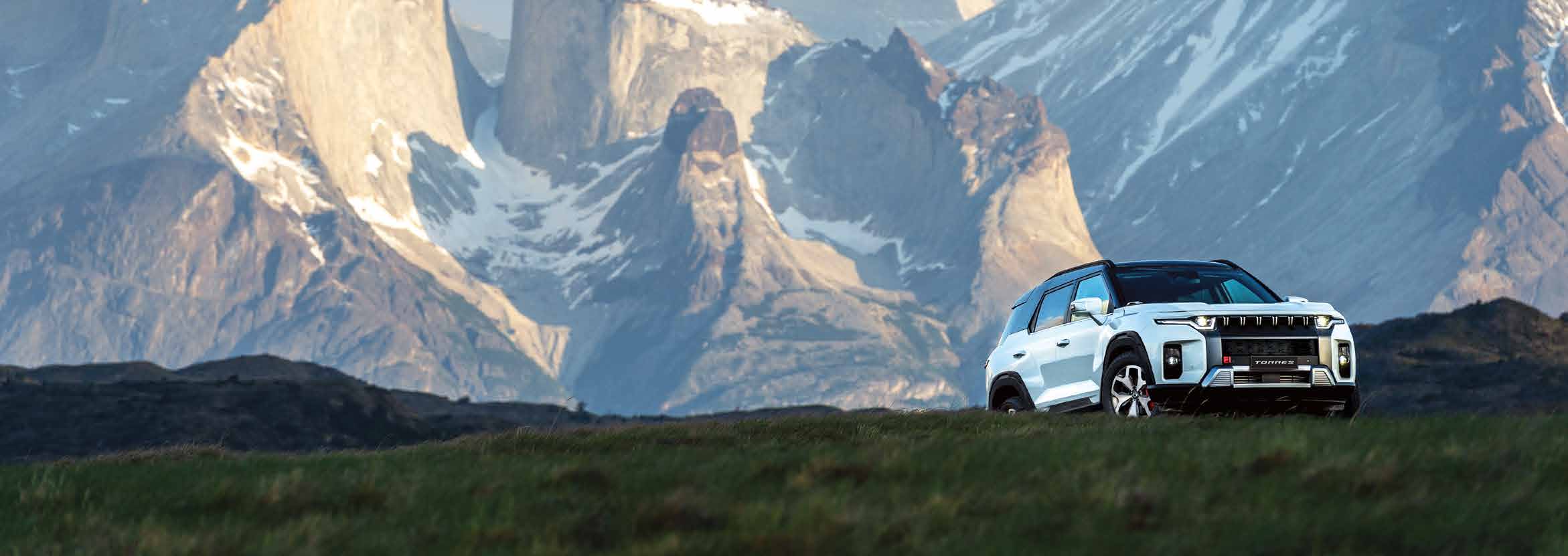 2025 토레스의 외관은 다이내믹한 라인과 대담한 프런트 그릴 디자인이 돋보이며, 전체적으로 강인한 인상을 줍니다.
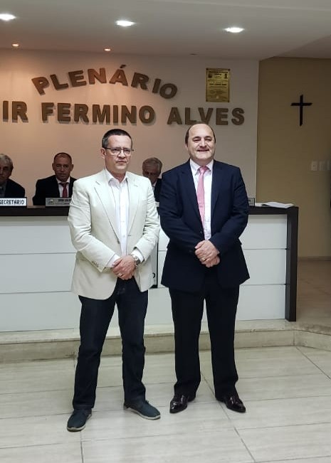 Valmir Dall’agnol, representando o Legislativo, entrega homenagem ao Sr. Beto Albuquerque.
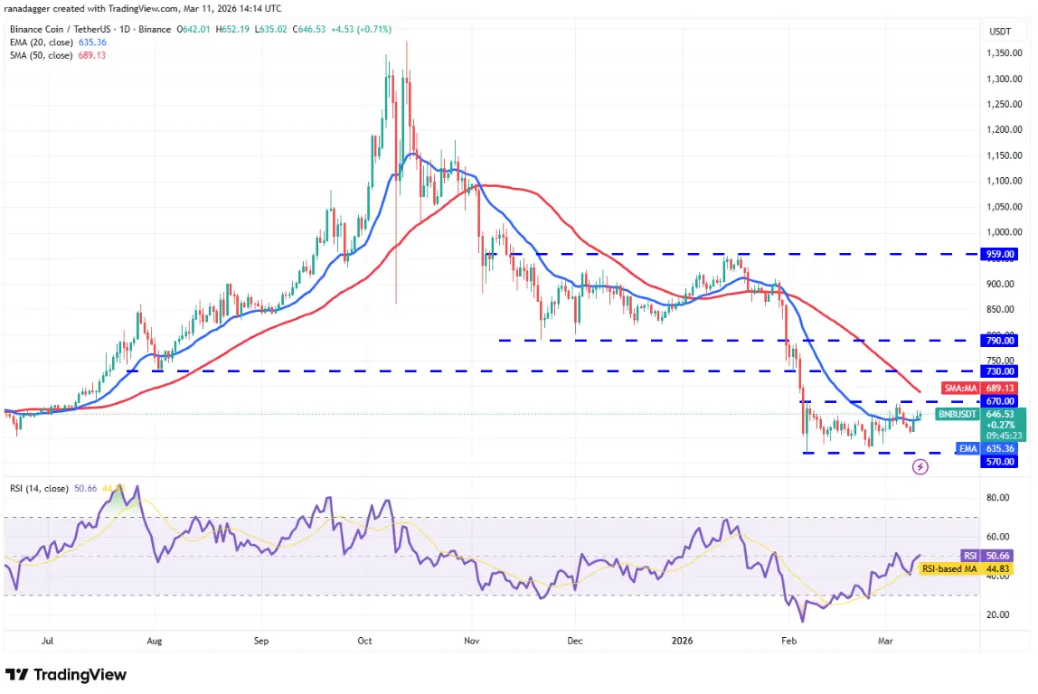Gráfico diário do BNB/USDT | Fonte: TradingView A EMA de 20 dias (635 USD) está lateral e o RSI está próximo do nível médio, sugerindo equilíbrio entre oferta e procura. Os compradores precisam empurrar o preço acima da SMA de 50 dias em 689 USD para ganhar vantagem. Nesse cenário, o BNB/USDT pode subir para 730 USD e depois para 790 USD, onde espera-se resistência forte dos ursos.
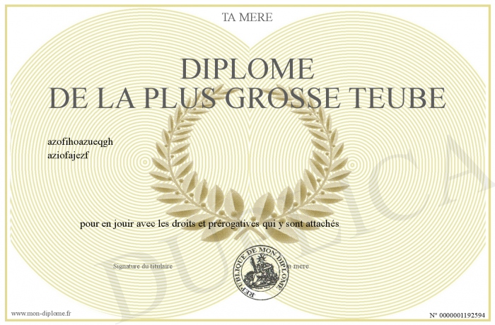 Envoyez par email votre Diplôme de la plus grosse teube personalisé
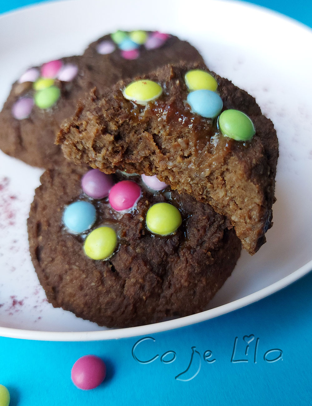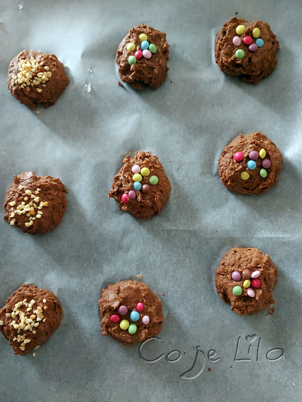 Upiekłam z karobem i mąką migdałową (musiałam dosypać jej więcej niż w przepisie, bo masa wydała mi się zbyt rzadka). Wyszły pyszne, z fajnym orzechowym posmakiem. Jutro serwuje synkowi, a sama daje sobie po łapkach, żeby wszystkich ciasteczek nie zjeść! 😋
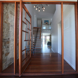 This resident epitomises the waterfront lifestyle. From the moment you enter the Japanese influenced pivot front door you can see why! Generous 901sqm with a 25m waterfront frontage this home provides an east facing outlook providing a lovely view over the water and the green corridor to the north. Every aspect of this home has been designed to compliment the relationship between water, occupant and space and incorporates the most opulent finishes and every conceivable modern luxury. Utilising soaring voids , floor to ceiling glass and thoughtful design, this house simply puts you at ease the moment you walk in.
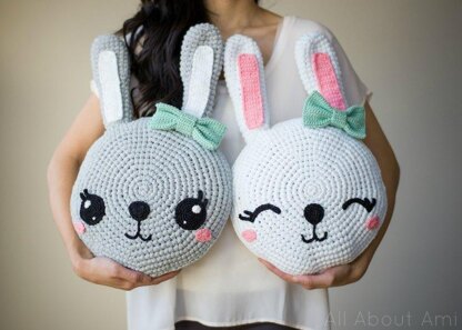 These sweet bunny pillows are irresistibly snuggly and the perfect size to cuddle! Their cute expressions will brighten up any room and add a whimsical touch to your decor! The pattern is written in US crochet terminology and the finished dimensions are: 13.5"/34 cm (diameter of face with stuffing) and 21"/53 cm (length from tip of ear to bottom of face). The printable PDF is a total of 7 pages including the cover page. PDF is in ENGLISH ONLY!
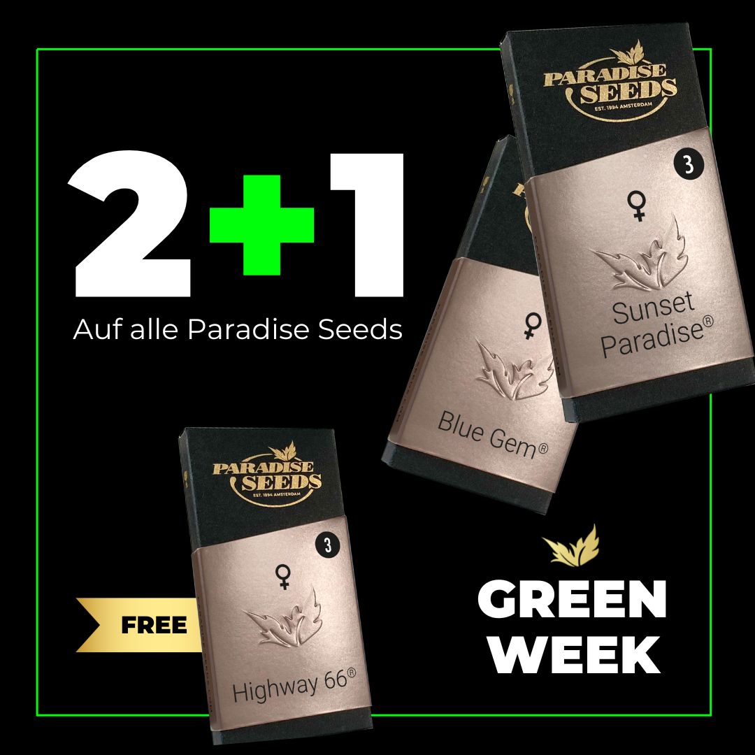 Green Week beginnt mit 2 + 1 (Mix & Match:) auf alle Paradise Seeds Sorten....und mehr!

EXERCISE INSTRUCTIONS: Restrict the output to the lines from the one with "These sweet bunny" through the last line of the material above. Print them exactly, leaving out every picture.

WRITTEN SOLUTION:
 These sweet bunny pillows are irresistibly snuggly and the perfect size to cuddle! Their cute expressions will brighten up any room and add a whimsical touch to your decor! The pattern is written in US crochet terminology and the finished dimensions are: 13.5"/34 cm (diameter of face with stuffing) and 21"/53 cm (length from tip of ear to bottom of face). The printable PDF is a total of 7 pages including the cover page. PDF is in ENGLISH ONLY!
 Green Week beginnt mit 2 + 1 (Mix & Match:) auf alle Paradise Seeds Sorten....und mehr!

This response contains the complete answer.